**Exercise directions**
Beginning at the line that contains "Banarasi Tanchhui Saree" and finishing at the line that contains "环球云链·世界商人网董事总经", output the data below exactly. Include both end lines and no pictures.

╭─ Extracted records

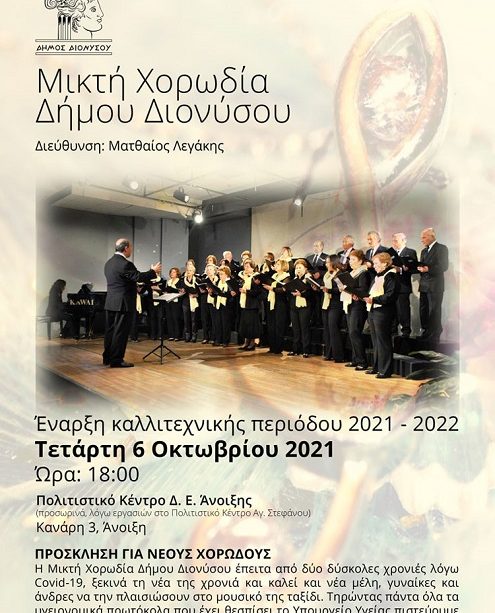 Η Μικτή Χορωδία Δήμου Διονύσου έπειτα από δύο δύσκολες χρονιές λόγω Covid-19, ξεκινά τη νέα της χρονιά και καλεί και νέα μέλη, γυναίκες και άνδρες να την πλαισιώσουν στο μουσικό της ταξίδι.
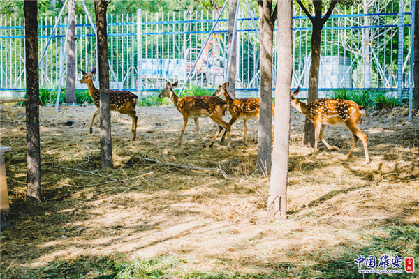 梅花鹿生活在一起,其乐融融。中国雄安官网记者马梦迪 摄
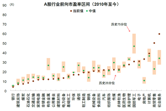 行业分化延续,部分新能源、先进制造、周期板块估值位于历史偏低位。经历调整后,电力设备板块估值基本回到历史区间下限;交通运输、有色金属、石油石化、煤炭等周期行业的估值也较低,低于历史15%分位数;食品饮料、医药生物等外资持仓占比较高的行业估值接近历史中值附近。
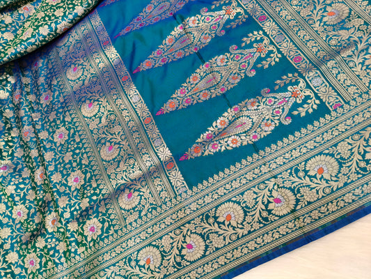 Banarasi Tanchhui Saree Peacock Shade With Multi Color Mina BTS002 15% Discount
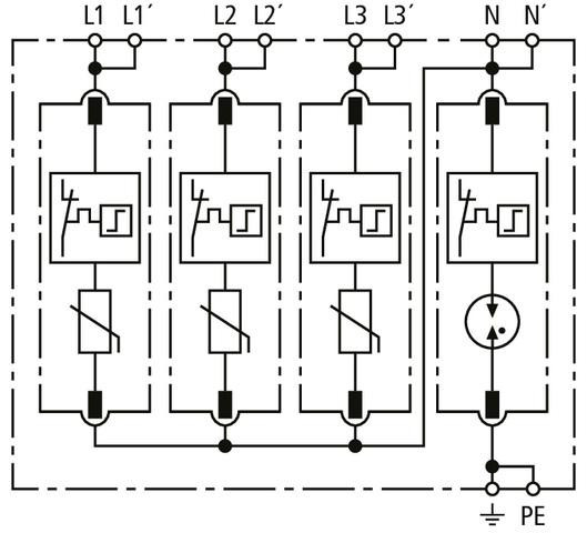 Vícepólový svodič přepětí DEHNguard MP, typ 2 + typ 3 podle EN 61643-11skládající se ze základního dílu se zásuvnými ochrannými moduly a dvojité push-in připojovací svorky pro rozvětvené a průchozí zapojení. Vysoký stupeň bezpečnosti je zajištěn monitorov
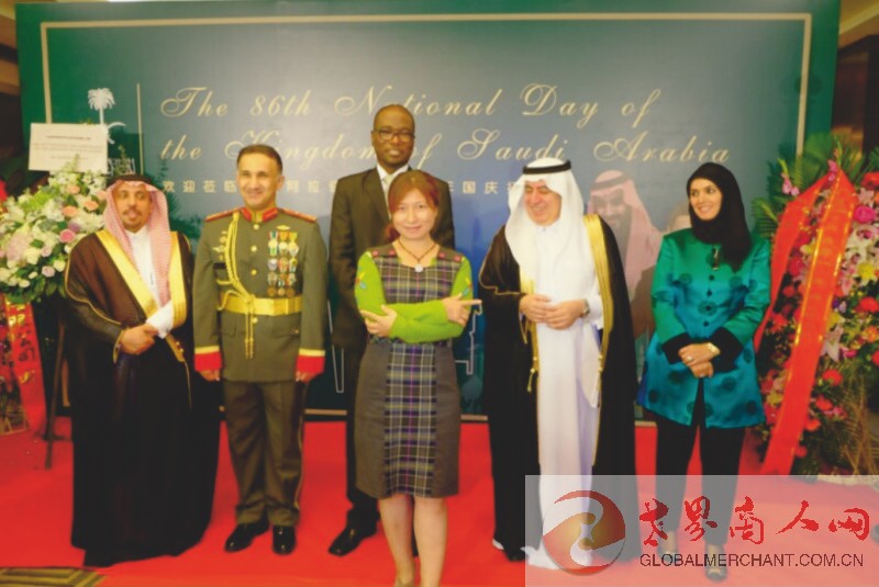 环球云链·世界商人网董事总经理王晓玲与沙特阿拉伯驻华大使图尔基·艾勒马迪阁下携夫人率领的迎宾团在沙特86周年国庆招待会合影留念(资料)
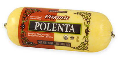 In place of the traditional grits, I pan-fried thin slices of ready-made polenta, often used in Italian recipes. I used Trader Joe’s brand, which comes in package shelf (not refrigerated), usually near the Italian section of the store. It looks like moist, cooked cornmeal made into a log and wrapped in plastic. That is because, well, it is. It is not the most appetizing looking food when you open it up for slicing. (Think yellow corn grits that may have been left too long in a pan.) However, once you’ve pan-fried them in olive oil and butter, with a little salt and pepper…. Look out, Louise. They turn into crispy-edged, buttery disks of corny decadence.
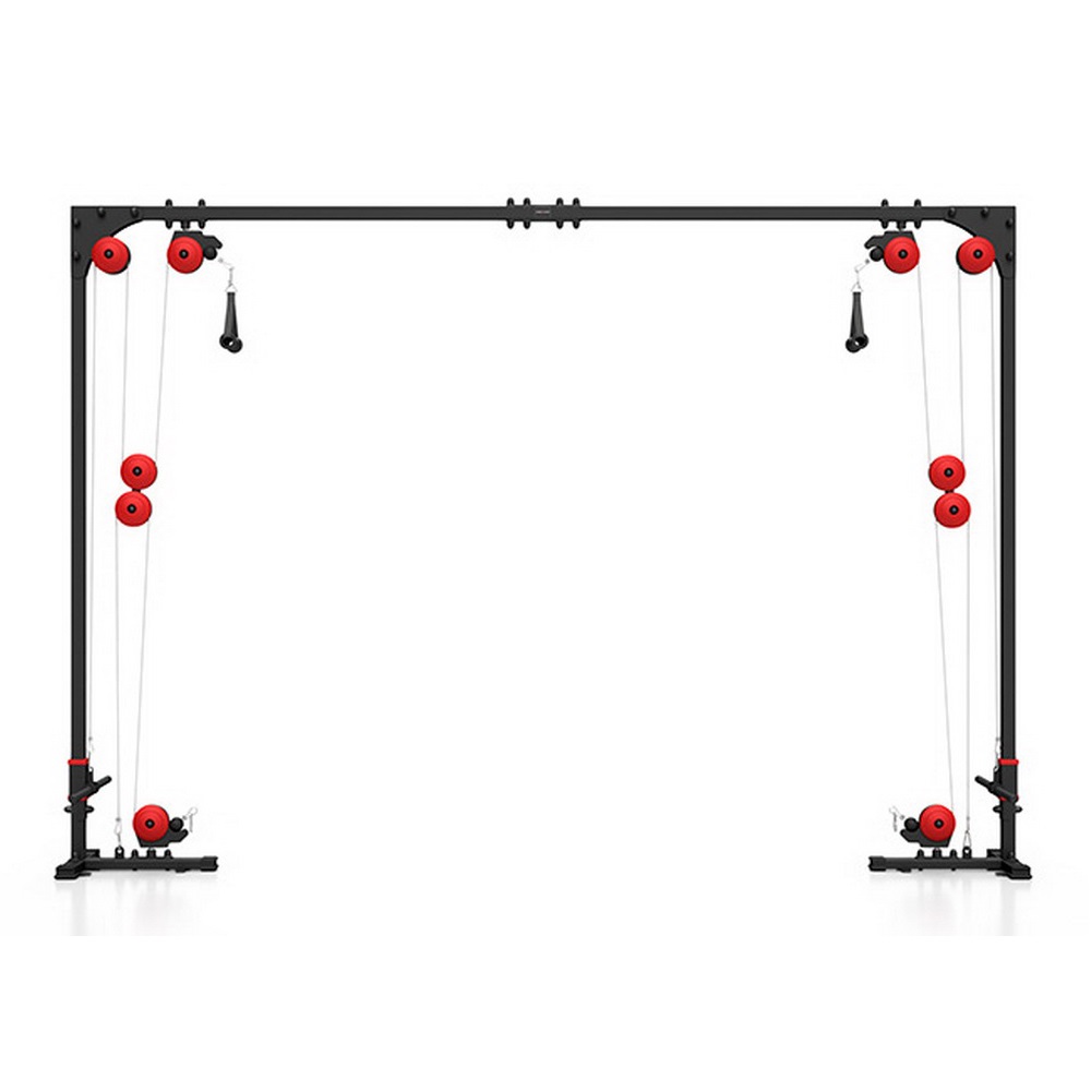 Ворота имеют четыре поворотных ролика, которые обеспечивают свободу движения под разным углом. Это решение позволяет выполнять тренировки мышц груди с выпадом вперед ― так же, как в тренажерах доступных в каждом профессиональном тренажерном зале.
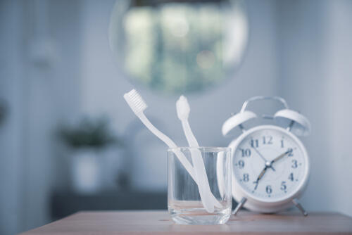 朝の歯磨きは朝食後に1回で済ませる方が多い。しかし朝の歯磨きは、起床後すぐのタイミングと朝食後で2回行うのが理想的である。これは、就寝中に唾液の分泌量が減ることで、口内の菌が繁殖してしまうからだ。細菌だらけの口内で朝食を摂ると、食事に含まれる糖と菌が混ざり合うため、起床時すぐに歯磨きをした方に比べて虫歯になりやすいのである。また、食べ物と一緒に菌を体内に取り入れていることになり、衛生的にもよくない。
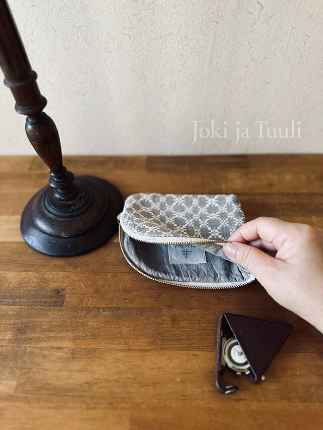 pouch[手織りLファスナーポーチ]グレー×ホワイト
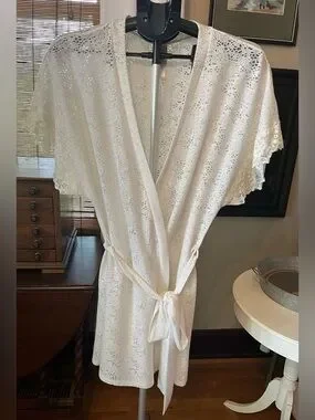 In Bloom by Jonquil woman’s off white lace robe size xl. In good preowned condition as seen in photos.
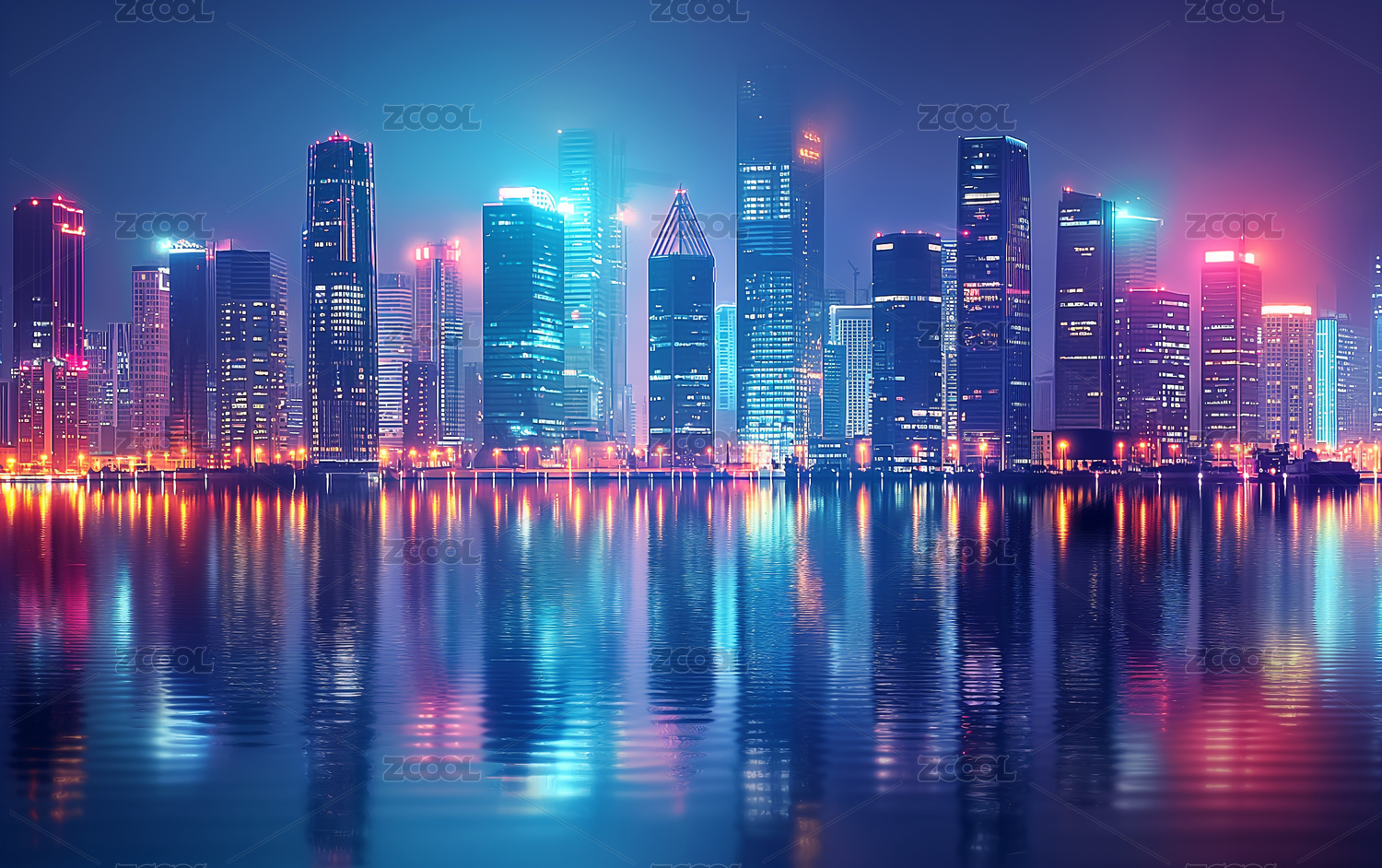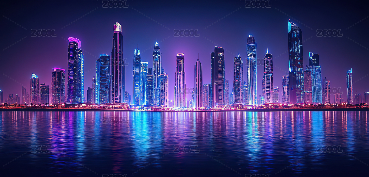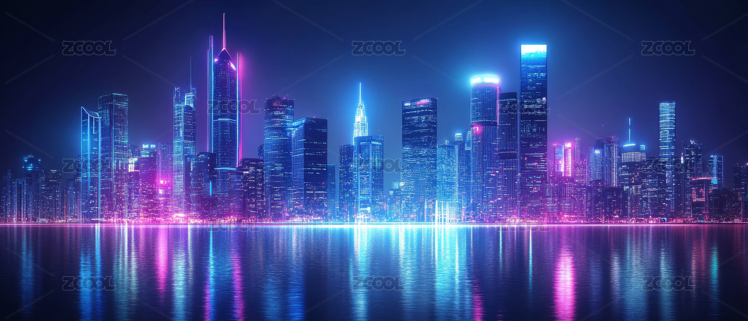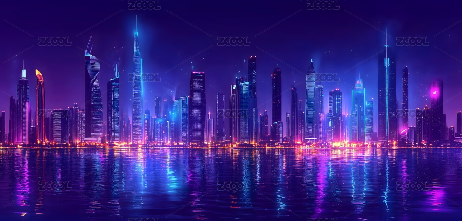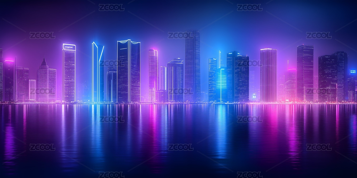城市天际线,夜晚,城市,建筑,摩天大楼,科学技术,背景,数据,互联网,AI数字艺术

╰─

**Answer for this exercise**
 Banarasi Tanchhui Saree Peacock Shade With Multi Color Mina BTS002 15% Discount
 Vícepólový svodič přepětí DEHNguard MP, typ 2 + typ 3 podle EN 61643-11skládající se ze základního dílu se zásuvnými ochrannými moduly a dvojité push-in připojovací svorky pro rozvětvené a průchozí zapojení. Vysoký stupeň bezpečnosti je zajištěn monitorov
 环球云链·世界商人网董事总经理王晓玲与沙特阿拉伯驻华大使图尔基·艾勒马迪阁下携夫人率领的迎宾团在沙特86周年国庆招待会合影留念(资料)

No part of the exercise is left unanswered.